When growing old with age, mobility and safety becomes a constant worry. Declining agility and unsteadiness can make it dangerous for older citizens to go out from the safety of their homes to do their day to day activities.
This project introduces the concept of an extremely futuristic initiative called the digital twin to help our very own older generation stay safe from the dangerous they could face in the outside world.
A digital twin is a digital replica of a living or non-living physical entity. By bridging the physical and the virtual world, data is transmitted seamlessly allowing the virtual entity to exist simultaneously with the physical entity. But what if we can go a step further and create a digital twin for living beings in the physical space using advanced AI and Robotics.
In other words what we created was a humanoid robot who can replicate exact motions done by a human who is inside the safety of their homes. Those who have watched “Real Steel” might have a slight idea about what I’m talking about.
This project consists of three main sections,
1. Capturing the motions made by humans
2. Identifying and predicting the motion on the cloud and transmitting that data to the robot.
3. Controlling the robot to Replicate the motion
Now this seems very futuristic and complicated and sounds like it would require large amount of sensors. But thanks to the advancements in Artificial Intelligence, it does not have to be like that anymore. In this project the motion capturing is done using AI and Computer Vision using a typical web camera connected the computer. This project was done using an open source AI model the captured video is evaluated and all the joints in the body are identified.
Then their XY coordinates are transmitted in to a NodeJS based cloud server which analyzes the received numerical data and predicts the motion of the person. Then the commands related to that particular motion are transmitted to the robots ESP8266 microcontroller over the internet. Based on the commands received the ESP8266 will communicate with the STM32 controller and move the motors of the robot accordingly.

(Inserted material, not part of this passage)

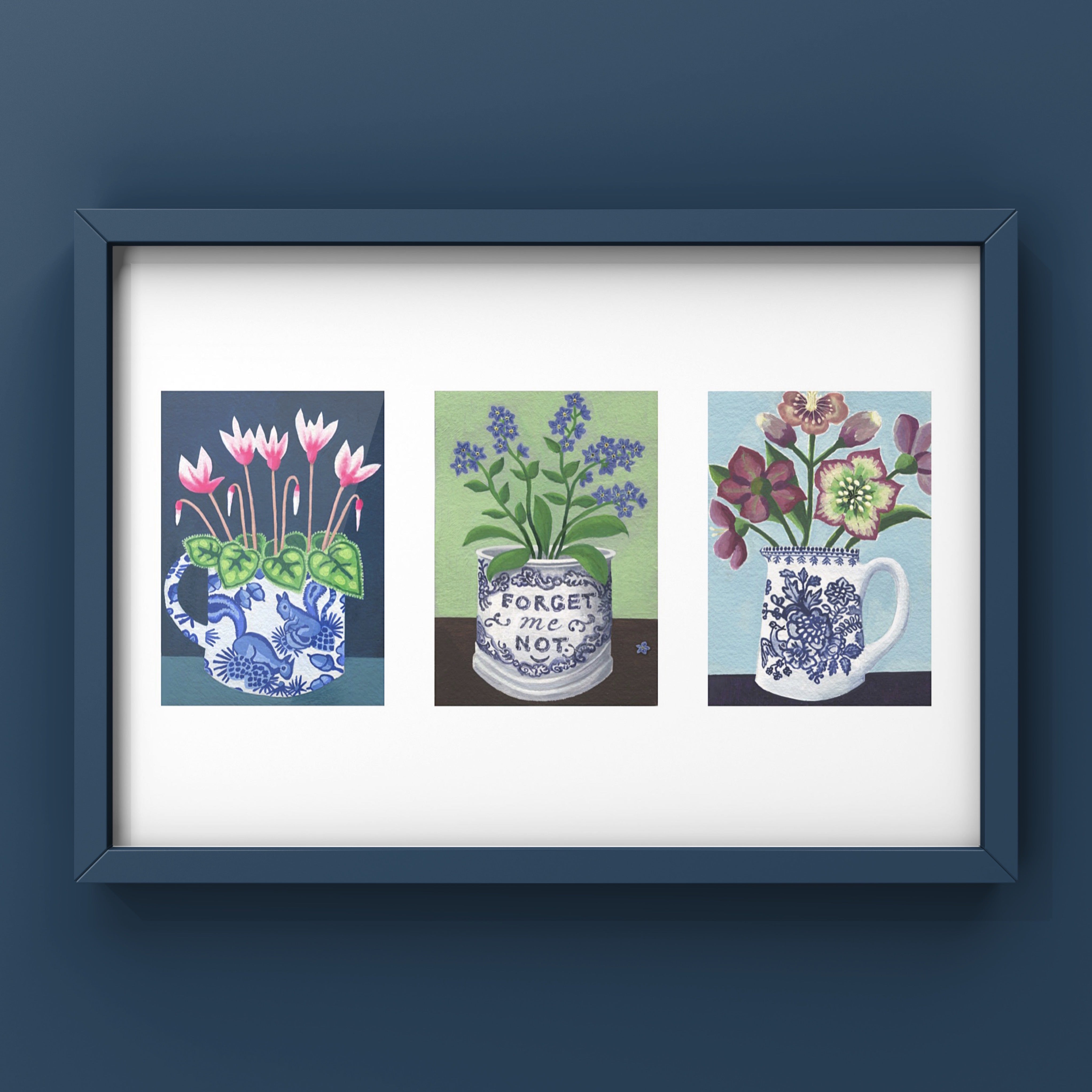 Cyclamen, Myosotis et Hellebore conçoivent tout en un seul imprimé.
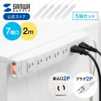 電源タップ 延長コード 2m コンセント タップ テーブルタップ マグネット 固定 抜け止め 雷ガード 一括スイッチ 節電 7個口 5個セット 700-TAP033--5

Complete high-level flow of the project is shown below,
First stage of the project consists of capturing the video feed. In order to do that a typical web camera was connected to laptop and script was written using java script to open the camera and capture the footage.
const videoWidth = 600;
const videoHeight = 500;
const stats = new Stats();
async function setupCamera() {
if (!navigator.mediaDevices || !navigator.mediaDevices.getUserMedia) {
throw new Error(
'Browser API navigator.mediaDevices.getUserMedia not available');
}
const video = document.getElementById('video');
video.width = videoWidth;
video.height = videoHeight;
const mobile = isMobile();
const stream = await navigator.mediaDevices.getUserMedia({
'audio': false,
'video': {
facingMode: 'user',
width: mobile ? undefined : videoWidth,
height: mobile ? undefined : videoHeight,
},
});
video.srcObject = stream;
return new Promise((resolve) => {
video.onloadedmetadata = () => {
resolve(video);
};
});
}
async function loadVideo() {
const video = await setupCamera();
video.play();
return video;
}Analyzing the VideoIn here open source AI model called “pose-net” was used. Pose-net is a machine learning model which allows for real-time human pose estimation in the browser.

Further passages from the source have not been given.